日本は先進国のなかで食料自給率のもっとも低い国の1つです(※※)。

近年の日本の食料自給率(カロリーベース※※※)は、約40パーセントとなっています。

大雑把にいえば、日本は約6割の食料を海外から輸入していることになります。

 

これだけ多くの食料を輸入に頼っているとなると、そこには2つの不安が生まれます。

1つは、戦争などの理由で食料の輸入ができなくなった場合、どうするのか、という不安。

もう1つは、船であれ航空機であれ海外から食料を輸送するには燃料が必要で、それが資源の消費や二酸化炭素の発生につながる、という不安。

したがって食料自給率を上げることは、日本全体の課題になっています。

 

4-2.そのための食育

日本の食育にも、食料自給率の問題が色濃く反映されています。

国や自治体も、食料自給率を高める施策を展開しています。

結局のところ、こうした施策は

  • 農業振興
  • 国産農産物の推奨(とくにパン食ではなく米飯の推奨)

と深く結びつくことになります。

 

海外では、一般に「食料自給率を不安視する」ことはあまりありません。

この要素は、日本独特のものと言えます。

 

5.まとめ

食育を実施しているほとんどの国では「国民の健康増進」にその重点が置かれています。

フランス、イタリアなどの国では「国民の健康増進」に加え、「食文化の維持・発展」にも重点が置かれていますが、日本もそうした国の1つです。

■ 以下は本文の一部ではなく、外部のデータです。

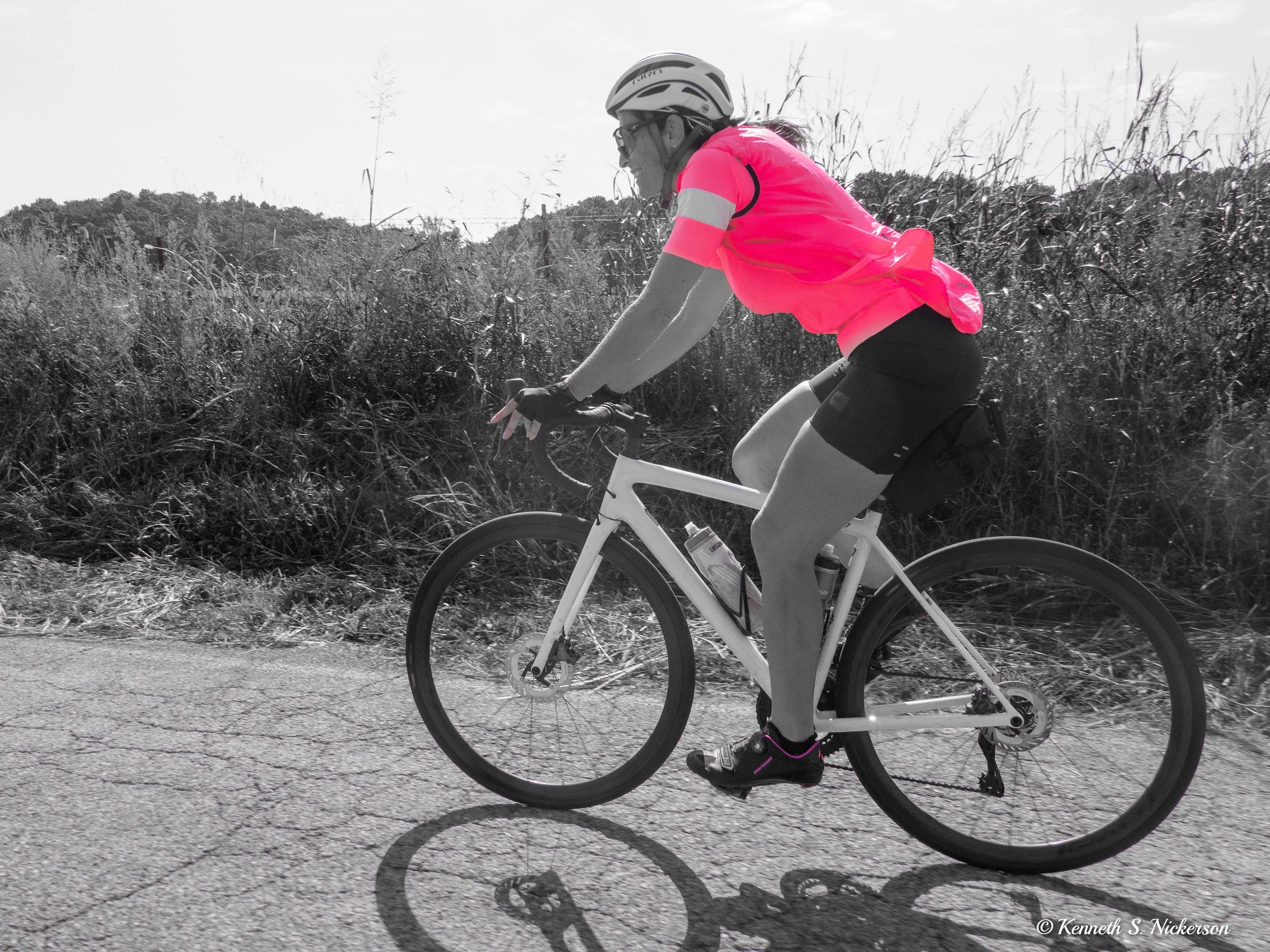 Years ago, when I first met Ruth, she always wore pink. At that time, I took a photo of her on the bike and converted all but the pink into black and white. Then, when Ruth got a new bike neon green highlights in perhaps 2016, she shifted to mostly neon green outfits to match her bike. However, once she got her current white bike, she shifted back to pink. I took this photo today and decided to recreate a version of photo I took years ago. Since I am traveling, I do not have the original photo readily available to compare it.

ただし日本では「国民の健康増進」「食文化の維持・発展」にとどまらず、「食料自給率の向上」にも重点が置かれており、これが日本の食育の特徴となっています。

 

(※)日本の食育の推移(歴史)については、こちらの記事も参考になります。「食育活動の歴史と未来」

(※※)都市国家であるシンガポールは日本よりも食料自給率が低いですが、食料は輸入するという国家方針が明確なため、食料自給率を不安視することはないとされています。

(※※※)食料自給率には、熱量で計算する「カロリーベース」と金額で計算する「生産額ベース」があります。